In order to determine the extent to which each TOJ was influenced by the temporal order of stimuli on the preceding trial, participants’ temporal order and confidence judgements were split into two datasets: trials in which the visual stimulus physically occurred first in the preceding trial (SOAt−1: VA), and trials where the visual stimulus physically occurred second in the preceding trial (SOAt−1: AV). We fitted descriptive functions to response distributions in these datasets, and to participants’ overall dataset (regardless of stimulus order on the preceding trial), and compared model parameters. This analytic approach is consistent with that of recent similar work (e.g., Simon et al., 2017; Van der Burg et al., 2013).
We fitted a logistic function to participants’ TOJs from each dataset (see Eq 1). This provided an estimate of each participants’ point of subjective synchrony (PSS), and their sensitivity to temporal order (just-noticeable difference, JND). We calculated the extent to which the participants’ perception of synchrony was influenced by the temporal order of stimuli on the preceding trial by subtracting the two PSS estimates (see Eq 2).

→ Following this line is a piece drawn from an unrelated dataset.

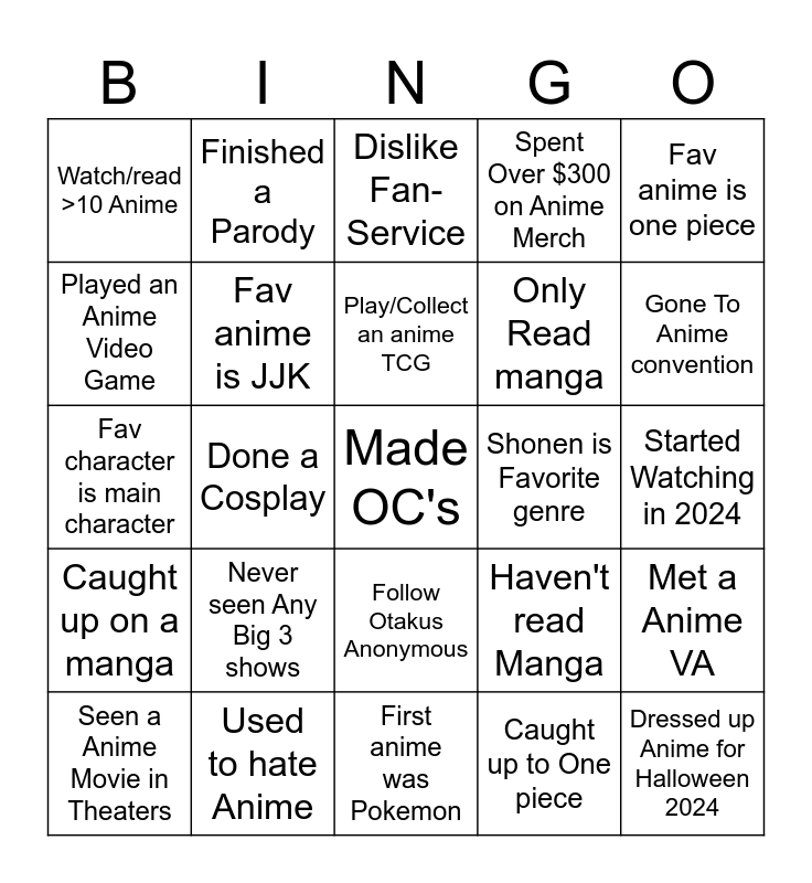 This bingo card has a free space and 24 words: Never seen Any Big 3 shows, Used to hate Anime, Play/Collect an anime TCG, Seen a Anime Movie in Theaters, Fav anime is one piece, Watch/read >10 Anime, Played an Anime Video Game, Finished a Parody, Shonen is Favorite genre, Follow Otakus Anonymous, Only Read manga, Fav character is main character, Haven't read Manga, Met a Anime VA, Fav anime is JJK, Caught up to One piece, Started Watching in 2024, Dislike Fan-Service, Gone To Anime convention, Done a Cosplay, Dressed up Anime for Halloween 2024, Caught up on a manga, Spent Over $300 on Anime Merch and First anime was Pokemon.

We used a very similar process to quantify the effect of temporal order on the preceding trial on participants’ confidence judgements. We fitted a Gaussian distribution (see Eq 3) to each participant’s probability of reporting low-confidence at each of the six SOAs, for the two datasets. This provided an estimate of the timing relationship for which the participant was least confident (point of least confidence, PLC), and the variance in their low-confidence responses (σ). As for order judgements, we estimated the effect of the preceding stimulus-order on confidence judgements by computing the difference in PLCs.
Experiment One results
Rapid recalibration analysis
We first calculated participants’ overall bias and sensitivity (PSS and JND, respectively) to audio-visual temporal order. On average, participants were accurate (mean PSS = 20.99 ms, SD = 102.08 ms) and precise (mean JND = 116.97 ms, SD = 73.63 ms). Paired t-tests indicated that the temporal order of stimuli on the preceding trial had no systematic effect on participants’ perception of synchrony (t47 = −1.81, p = .088), though this negative-going effect approached significance. Similarly, we found no evidence that stimulus-order on the preceding trial influence participants’ sensitivity to temporal order (as predicted; t47 = −1.47, p = .158). Contrary to predictions, and unlike previous reports (e.g., Van der Burg et al., 2013), participants’ sensitivity to temporal order was uncorrelated with the magnitude of their rapid recalibration effect (r46 = −0.05, p = .761). Participants’ temporal order and confidence response distributions are presented in Figure 6.
Confidence analysis
We then fit Gaussian functions (see Eq 3) to participants’ probability of reporting low confidence across each of the six SOAs, independently for each of the two datasets (SOAt−1: VA, and SOAt−1: AV). This provided an estimate of the point at which each participant was least confident (PLC), and the variance in their confidence judgements. On average, participants reported least confidence for 18.34 ms visual-leads (SD = 53.26 ms), indicating they were sensitive to the difficulty of the task (mean σ = 196.86 ms, SD = 97.19 ms). One participant (in addition to the two removed from TOJ analyses due to poor JNDs) was removed from analyses as the variance in their confidence judgements indicated random responding (σ > 1 million).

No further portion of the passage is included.